In their haste to get access to the funds, the sons requested that their advisor liquidate the majority of the accounts (against his recommendations) and withdraw everything. Not only was this the worst way to deal with the estate in terms of tax efficiency, but they just so happened to be selling the investments in what had been the worst two months that the markets have seen since the Great Depression. Obviously, for confidentiality reasons, the advisor did not go into details with me, but he did say that the two sons lost tens of thousands, potentially hundreds of thousands, because of their haste and lack of understanding. On top of that, they took all the hard work that their father had done to both raise that money and to protect it for them, and threw it right out the window.

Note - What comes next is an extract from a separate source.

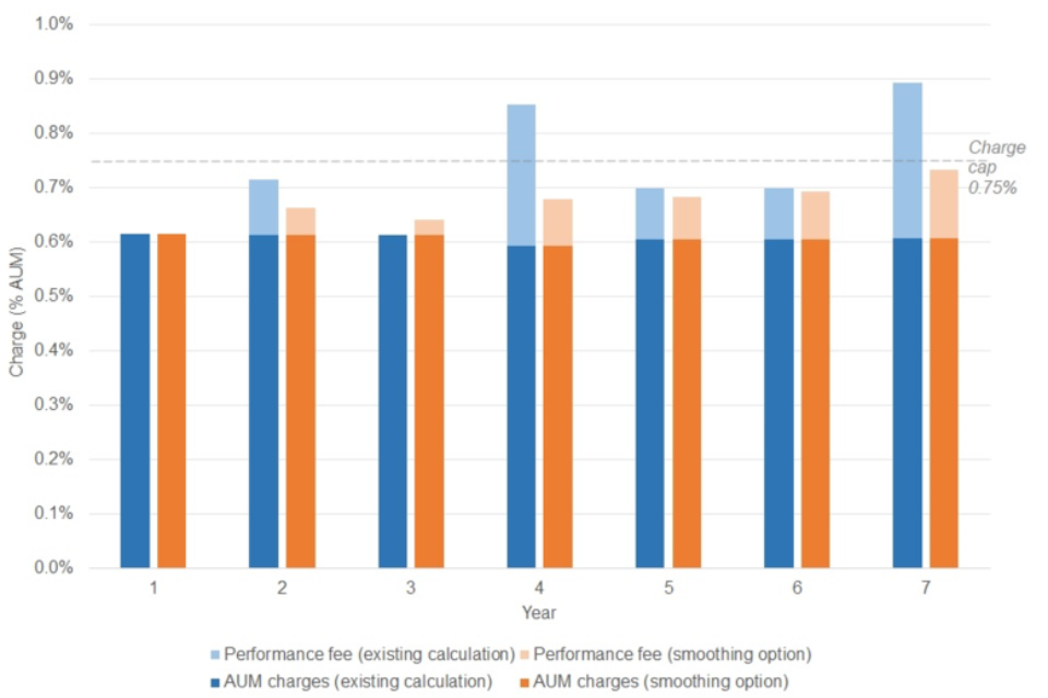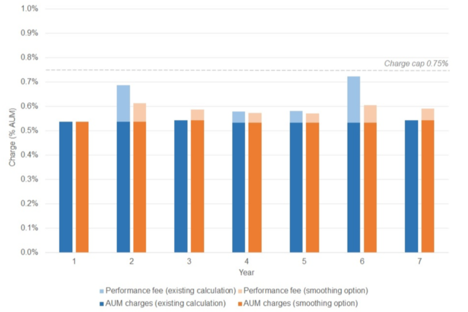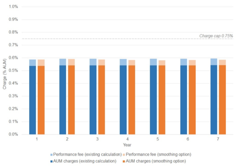 26. Rather than the performance fees occurred in a single year forming part of that year’s charges regime, schemes could instead use a moving average in its place, spanning across multiple years. This would mean that for some years where schemes may happen to exceed the 0.75% charge cap because performance is good, they would not be penalised for doing so, so long as at the end of that multi-year period the average charge to members was within the charge cap limit. The proposal was originally proposed by the British Business Bank and Oliver Wyman in their 2019 report[footnote 7].

This colleague told me that watching this occur was both a frustrating and frightening experience. It was frustrating because despite his best efforts to explain to the sons exactly why they should not take the actions they were insisting upon, they completely ignored his advice. And short of tying the boys down and forcing them to see things his way (not really a recommended practice in the financial planning world!), there wasn’t much he could do. It was frightening in that he is now fearful for other clients: without action now, this may also be the way their estate is handled.

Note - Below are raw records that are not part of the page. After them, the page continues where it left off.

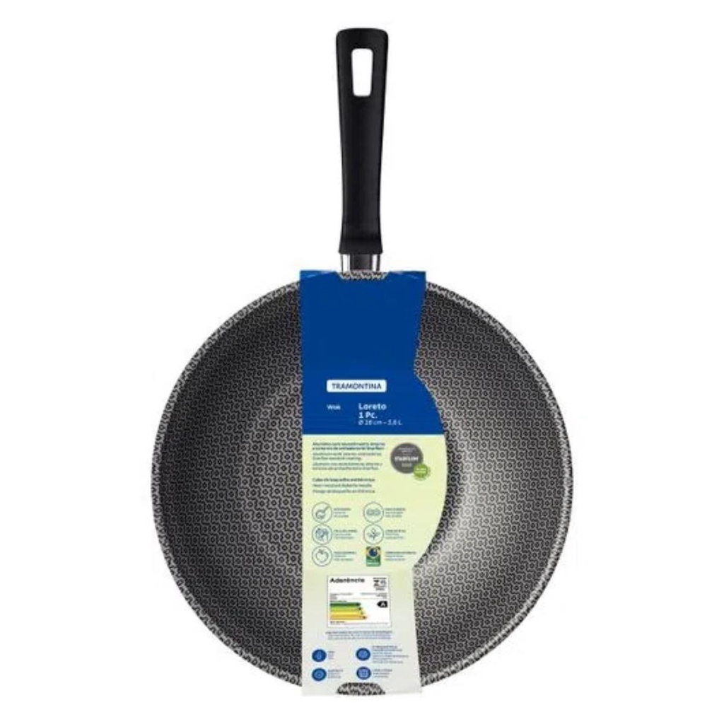 Complete sua cozinha com a wok Tramontina Loreto em alumínio com revestimento interno e externo antiaderente Starflon Max vermelho 28 centímetros de diâmetro 3,6 litros e garanta qualidade e praticidade na hora de preparar suas principais refeições! Desenvolvida com corpo de alumínio com espessura de 1,4 milímetros e com revestimento interno e externo de antiaderente Starflon Max, ela é a melhor opção para uso no seu dia a dia, pois garante o cozimento dos alimentos de maneira rápida e uniforme, evita que eles grudem em sua superfície e não é prejudicial a sua saúde. Com ela, você ainda garante uma utilização segura, pois seu cabo é em baquelite antitérmico, material que não aquece. Além dessas características, ela ainda é super fácil de limpar e pode ir à máquina de lavar louças, otimizando seu dia a dia e suas tarefas na cozinha. A escolha ideal para executar suas melhores receitas! Características: - Marca: Tramontina - Modelo: 20395728 *Imagem meramente ilustrativa Especificações Técnicas: - Corpo de alumínio com espessura de 1,4 mm que proporciona cozimento rápido e uniforme. - Revestimento interno e externo de antiaderente Starflon Max que não gruda, é fácil de limpar, mais durável e não é prejudicial à saúde, pois é livre de PFOA. - Cabo de baquelite antitérmico que oferece segurança durante o manuseio. - Pode ir à máquina de lavar louças facilitando seu dia a dia. Recomendações de Uso: - A capacidade volumétrica máxima para cozimento é de 3/4 da capacidade total da peça. - Posicione os cabos dos utensílios voltados ao centro do fogão. - Em fogões com grade, centralize a peça e alinhe o cabo com a grade. - Utensílios quentes devem estar fora do alcance das crianças. - Este produto não pode sofrer modificações. - Antes do primeiro uso, lave com esponja macia, sabão neutro ou detergente líquido. - Depois de secar, unte a área interna com óleo ou gordura e leve ao fogo por um ou dois minutos. - Deixe esfriar e lave novamente. - Seu utensílio Starflon está pronto para uso com ou sem gordura, sempre em fogo baixo ou médio (nunca superior a 350ºC). - Para mexer os alimentos use somente utensílios de silicone, nylon ou madeira. - Evite a imersão do utensílio quente em água fria. - Nunca utilize produtos abrasivos na lavagem. - Se deixar queimar alimentos, umedeça a área e reserve até que possa remover os resíduos grudados com esponja e sabão. - Para descarte dos produtos e embalagens siga as orientações de reciclagem vigentes. CERTIFICAÇÃO PRODUTO COM CERTIFICAÇÃO COMPULSÓRIA CERTIFICADA PELO OCP 0003, REGISTRO 001777/2018, MODELO PIPOQUEIRA E CLASSIFICAÇÃO DE ANTIADERÊNCIA A (ÓTIMA), CONFORME PORTARIA INMETRO 419/2012. Conteúdo da Embalagem: - 1x Wok em Alumínio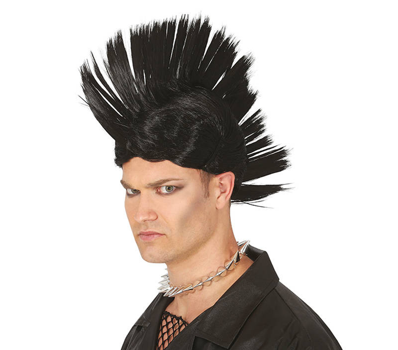 Peruka wykonana ze sztucznych włosów koloru czarnego.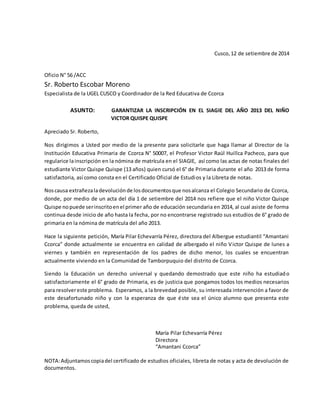 La directora del Albergue estudiantil "Amantani Ccorca" le escribe al coordinador de la Red Educativa de Ccorca para solicitar que se garantice la inscripción en el SIAGIE del año 2013 del estudiante Victor Quispe Quispe, quien cursó satisfactoriamente el 6° grado de primaria. El colegio secundario devolvió los documentos del estudiante indicando que no estaba registrado en el SIAGIE del 2013. Se pide intervenir a favor del estudiante para que pueda inscribirse en primer año de sec

A large concern in many parents’ lives (including my own) is what will happen to their children when they are no longer there to provide the advice that, in many cases, has seen their children through numerous rough patches and hard times. Children can be impetuous and wind up making poor financial decisions. These poor decisions can take many forms, whether it involves investing in scams, spending savings frivolously or being poorly protected from marriage dissolution or creditors. These are only a few of the many events that can wind up severely damaging your children’s lives. By taking this opportunity to educate our younger generation about their financial well being, we can feel more secure in saying “that won’t happen to my kids, they know better than that.”
It is important to us as a firm that we look after a client’s financial affairs even when they are no longer able to. You have worked hard for the wealth that you have built. If you intend to pass this wealth on to your children, ask yourself this: what have you done to ensure that they are ready to handle it?
PART II: How can I start preparing my children?
Warren’s story of two sons recklessly digging into their father’s estate is a frightening prospect. It is a cautionary tale that shows us the consequences of not preparing our children for the legacy they may receive.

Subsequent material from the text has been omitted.